Twenty years ago my journey with Alopecia Areata started. My son, then 20 months old, had a chicken pox that rested at the hairline on his forehead. Within days his hair had fallen out and was starting to receded down the center of his scalp.
With no knowledge of the cause and no visible sign of hair regrowth, off we went to the dermatologist.
On inspecting my son, the conclusion was Alopecia Areata. After the general questions probing what that meant, came the question from me “so how do we treat this”.
I’ll never forget the following words. “There are 5 treatments that you can opt to undertake”. My immediate emotion was relief, but then he continued: “ So your options are;
- Ultra violet light treatment – here a series of sessions are used to target the skin cells, the risks are severe burning for young skin, increased risk to develop skin cancer:.
- Cortisone injections into his scalp. He would need a series of 5 treatments initially of 50 injections and based on his age would need to go under a general anaesthesia each time and there is a risk that it will interfere with his normal development.
- Next we can apply a chemical DPCP directly to his scalp, here the scalp becomes allergic to itself and once the blisters heel and peel, is when we will see if there are results. The risk here is that it is very uncomfortable, prone to infection.
- Steroid treatments can promote hair growth, but could also make him sterile taking them from such an earlier age.

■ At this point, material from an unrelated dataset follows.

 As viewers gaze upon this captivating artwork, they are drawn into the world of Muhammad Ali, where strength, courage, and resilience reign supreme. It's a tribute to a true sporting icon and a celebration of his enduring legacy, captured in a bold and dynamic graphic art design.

The final options is to put a hat on his head and get on with life. So which option do you want to go with?”
My feeling of relief immediately disappeared after I heard the words “severe burning” and had turned to total disbelief. I was shocked that he would convey this information so bluntly, but also astounded that these were the options presented.

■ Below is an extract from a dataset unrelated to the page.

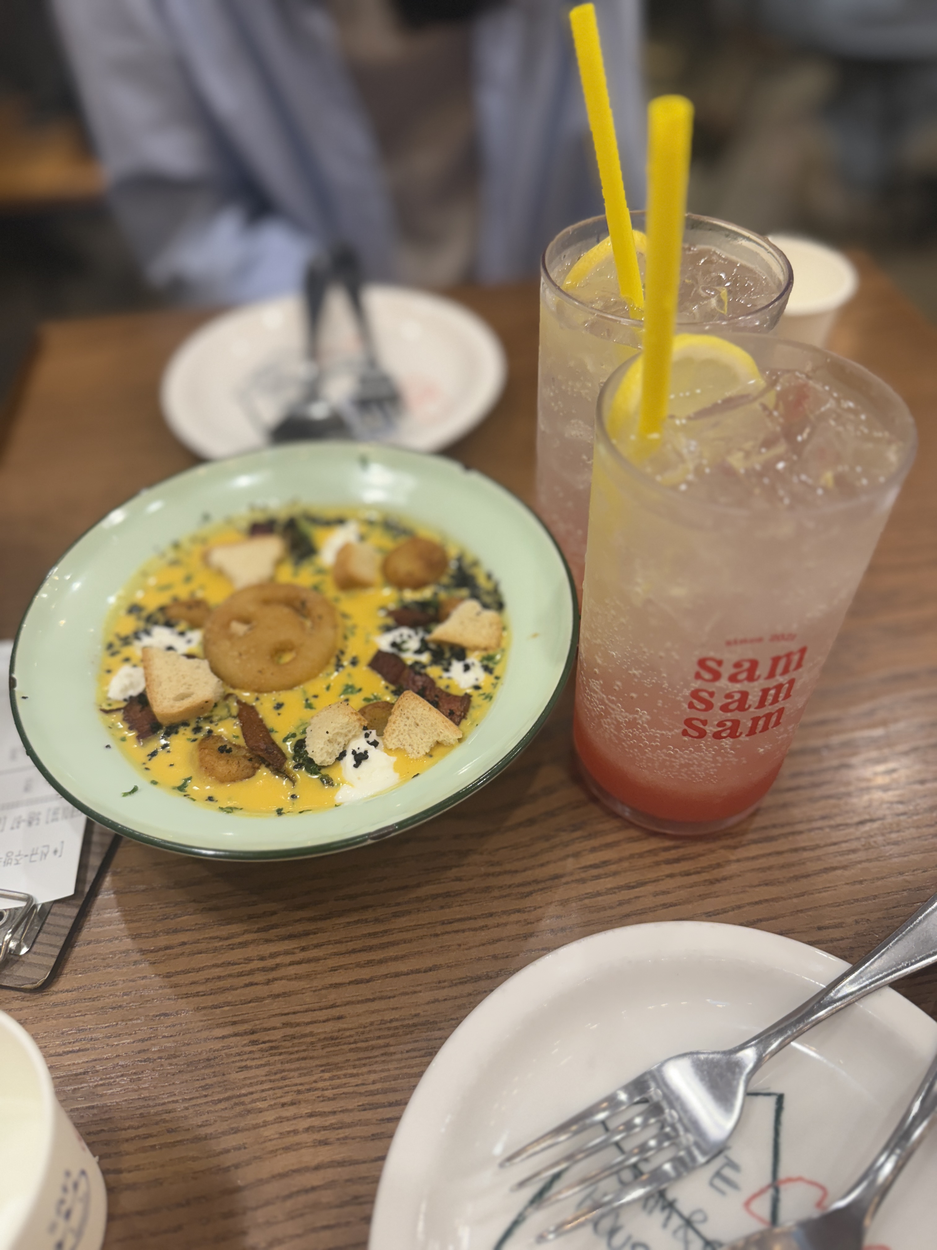 직원분이 추천해주신 단호박 뇨끼 + 잠봉뵈르 + 피치레몬에이드 조합으로 선택했어요.

Still with a ray of optimism I asked “so what treatment has the best outcome?”. He responded “Well, which treatment are you leaning towards?”. I said, none, they are all horrific. Quite smugly he replied, “That is a common answer from parents, and that is why we don’t have any meaningful statistics on treatment for children and youths”.
I spent the next four hours researching for support groups, specialists with addressing handling of emotional situations.
My next appointment was with a Psychiatrist, and the outcome of this appointment gave me confidence and strength that I could manage my sons journey with Alopecia Areata. And from about the age of 14 he did treatment number 5 and engaged in wearing a hat.
What was your first experience with treatments for alopecia like? What would you have done if you had been in my shoes?